During one point of the jog, a group of 25 three-foot-tall villagers swarmed us, arms outstretched, yelling as loudly as their little lungs allowed. We ran through them and they streamed behind us, picking up more and more children along the path who heard the call toddled out. In this village things are a little different. They yell mzungu! true, but that initial call is followed by a series of crescendoing "mpira! mpira! mpiraaa!" This call puzzled me for a long time. Mpira means "ball"--usually a soccer ball. I certainly don't know any mzungu who gives out balls to children. And the call was tightly contained in this area--children from surrounding villages haven't picked up the mpira! cry.
But until the mid-nineties the Norwegian development agency ran a water program out of Kigoma. A series of wazungu, the wives and children of engineers, would pass through this village on their way to play tennis. (I think the court has since disappeared) When their balls deflated too much for tennis-worthiness they tossed them out the window. Mpira! was born.
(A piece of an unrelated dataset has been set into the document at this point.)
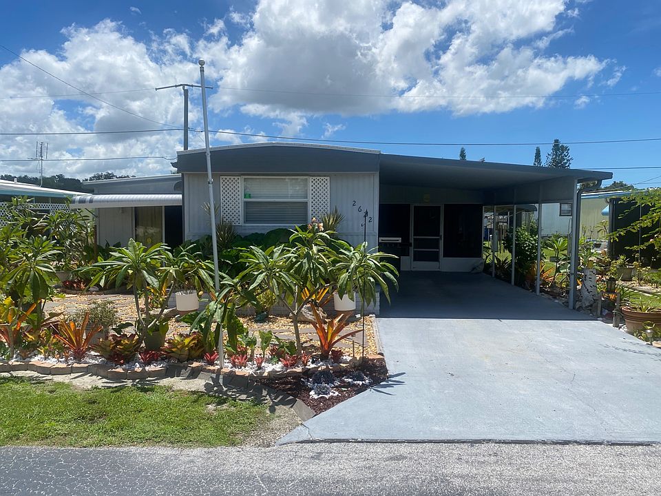 2622 Fred Road Venice FL. 34292 Venice Ranch 55+ Mobile Home Community This home is on a Leased/Rented Lot This 2BR/2BA has room for living, dining and entertaining with a front-set lanai and a carport lanai. There is a 2-car carport and a storage shed. The mobile home comes mostly furnished. There is sheetrock and panel walls throughout. The living room has laminate and the bedrooms have carpet and there is laminate in the the kitchen, dining area and bathrooms. The open kitchen comes with refrigerator, microwave, and oven/stove. There is a buffet/breakfast bar for the casual dine. The master bedroom has a closet, The master bath has a single sink vanity and a separate walk in shower The second bedroom has carpet and a closet, and ceiling fan. The hall bath has a separate walk in shower and a double sink vanity. The lot rent is estimated at $613* and includes the water, sewer, trash, and all the community amenities (including a pool). A small price to pay to live in paradise! (*Actual lot rent TBD by Venice Ranch Park management) Venice Ranch is a mobile home community for 55+ residents. It is conveniently located near shopping, beaches, boating, fishing, golf courses, theater, library, hospital, and restaurants. With an ideal location in South Sarasota County, it is just 1/4 of a mile from Venice City limits, 2 1/4 miles east of 41 By-Pass, and 3/4 of a mile west of Jacaranda Blvd. (Exit 193 of I-75). Sarasota-Bradenton International Airport is easily accessible from I-75 at Exit 213. Florida MH Sales, LLC cannot guarantee or warrant the accuracy of this information, measurements, or condition of any property. Measurements are approximate. All homes are sold "as is" and personal or professional inspection is encouraged. Lot rent is set by the community and is subject to change. All buyers must be approved by the community prior to closing on a negotiated sales contract.

And although no Norwegian tennis players have given out anything in twenty years, the children of children who did get the bouncy balls continue that cry.
In another village, Bitale, road construction has dramatically changed the way people shout at foreigners. From mzungu! children have shifted to mchina! The Chinese construction workers clearly have made an impact--if not on the road itself, well at least on Bitale's shouting culture.